Some of the yield decline can be explained by technical factors, including banks having to disgorge themselves of Treasury bonds after the Federal Reserve decided against extending an exemption that let them exclude Treasurys and deposits with the Fed from their calculation of a key bank capital measure known as the supplementary leverage ratio.

Also contributing to the decline in yields are falling commodity prices, a jobs report showing household employment and length of workweek falling, and a decline in durable goods consumption. Wood expects overspending in services, like overspending on goods earlier this year, will lead to “significant overhangs,” and also contribute to future deflation.

Ark’s ETFs were hit hard in mid-February to mid-May as the stock market rotated from growth stocks to value. They’ve recovered from their lows, but all five disruptive technology ETFs are trailing the year-to-date gains in the S&P 500, up 16.3%, and the Nasdaq, up almost 14%.

Performance in its ETFs year-to-date through July 13 range from a 7.4% decline in ARK Genomic Revolution ETF (ARKG) to an 8.1% gain for the Ark Autonomous Technologies & Robotics ETF (ARKQ). The rest of Ark’s ETFs recorded slight losses or low- to mid-single-digit gains.

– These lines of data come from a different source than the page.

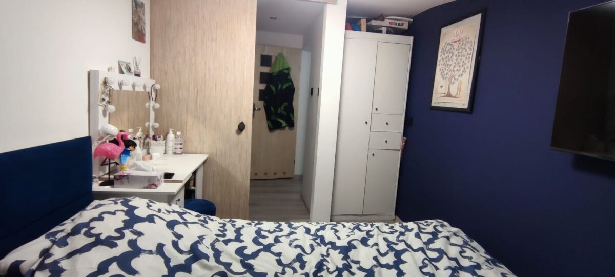 Sypialnia z szafą i toaletką, łóżko
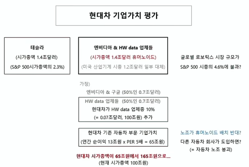 - 현대차의 몫: 이 시장에서 현대차가 약 $10%$의 점유율만 가져가도, 약 100조 원의 추가 기업 가치가 발생합니다.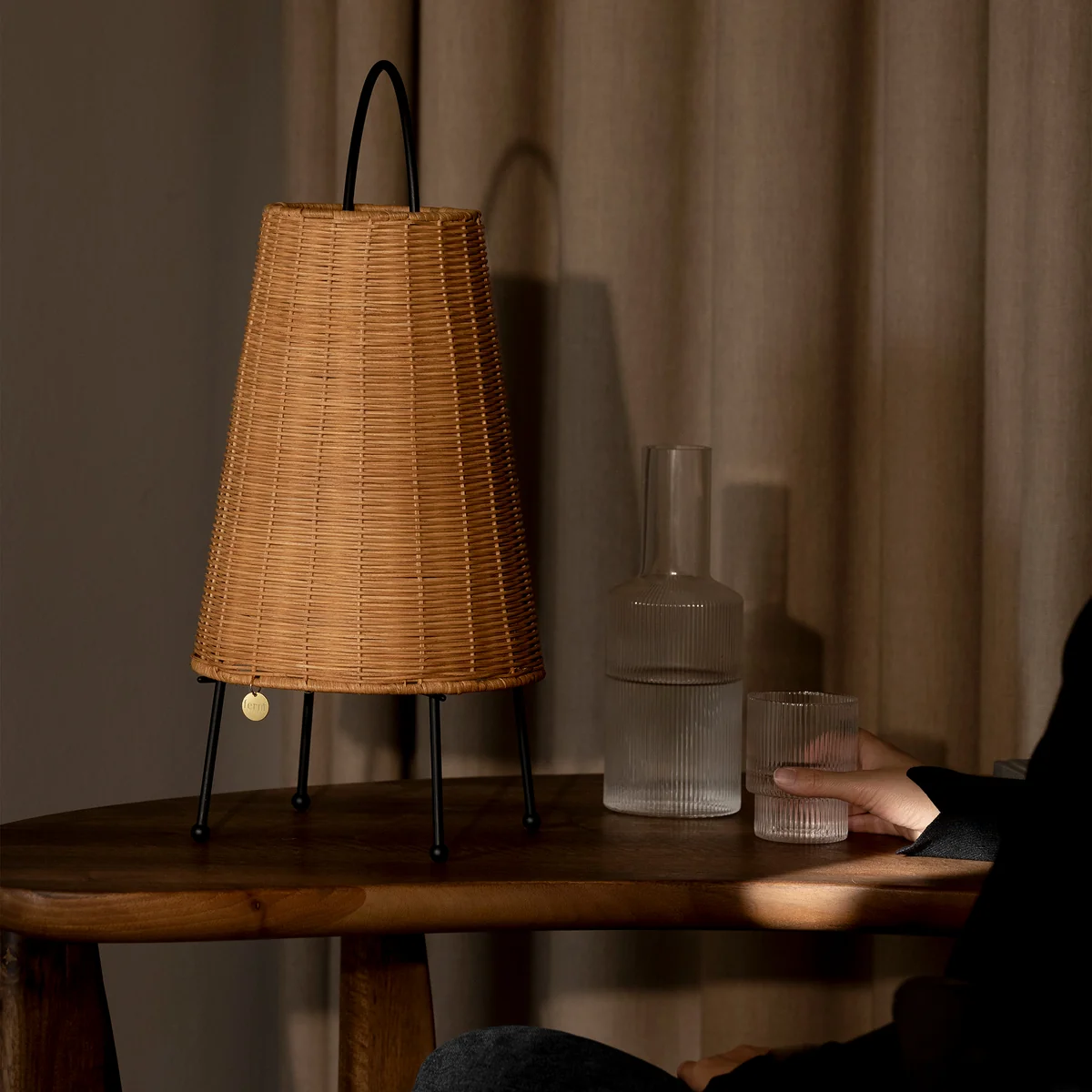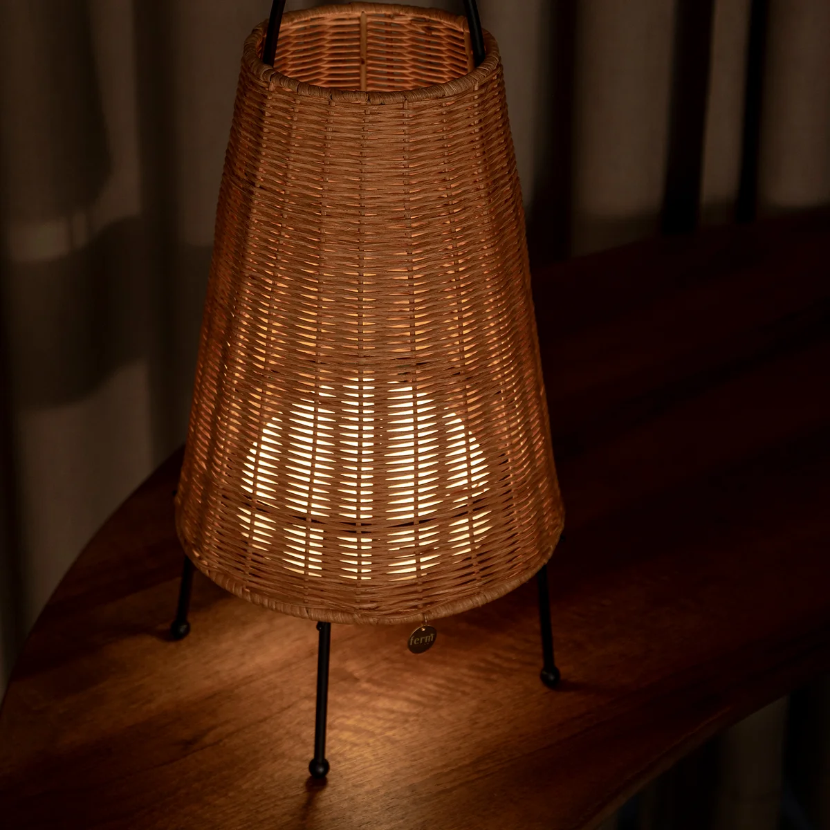 Die Porti LED Tischleuchte Rattan von Ferm Living ist eine moderne Interpretation der klassischen Laterne. Die tragbare Leuchte kann vielseitig platziert werden und wird aus geflochtenem Ratten mit pulverbeschichtetem Eisenfuß und einer LED-Kuppel gefertigt. Porti bietet sanftes, warmes Licht, welches für gemütliche Wohlfühlmomente sorgt. Dank der Hover-Touch-Funktion des Leuchtenfußes kann die Lichtintensität durch simples Berühren angepasst werden. Ebenfalls kann das Antippen die LED-Leuchte sowohl ein- als auch ausschalten. Porti kann zudem sogar dank der verstellbaren Füße auf unebenen Oberflächen aufgestellt werden.

“Growth stocks were penalized” earlier this year but that is changing, according to Wood. She expects most of the appreciation in equity markets “will accrue to innovation” technologies in which Ark ETFs invest. The capitalization of transformative technologies in the public markets has exploded from about $7 trillion to $14 trillion in 2020 and will grow to $75 trillion or more in the next five to 10 years, according to Wood.

In the meantime, she sees “a little bit of a tug of war [between growth and value] that … will resolve near the end of this year or into next year on the side of innovation mostly because of deflationary forces … which puts a lot of value groups in harm’s way,” said Wood.

In response to questions about the outlook for large Chinese tech firms in light of a government crackdown on Chinese stocks listed in the U.S., Wood said there was a “valuation reset” for those stocks. “their prices have come down [and] .. from a valuation point of view probably will remain down.”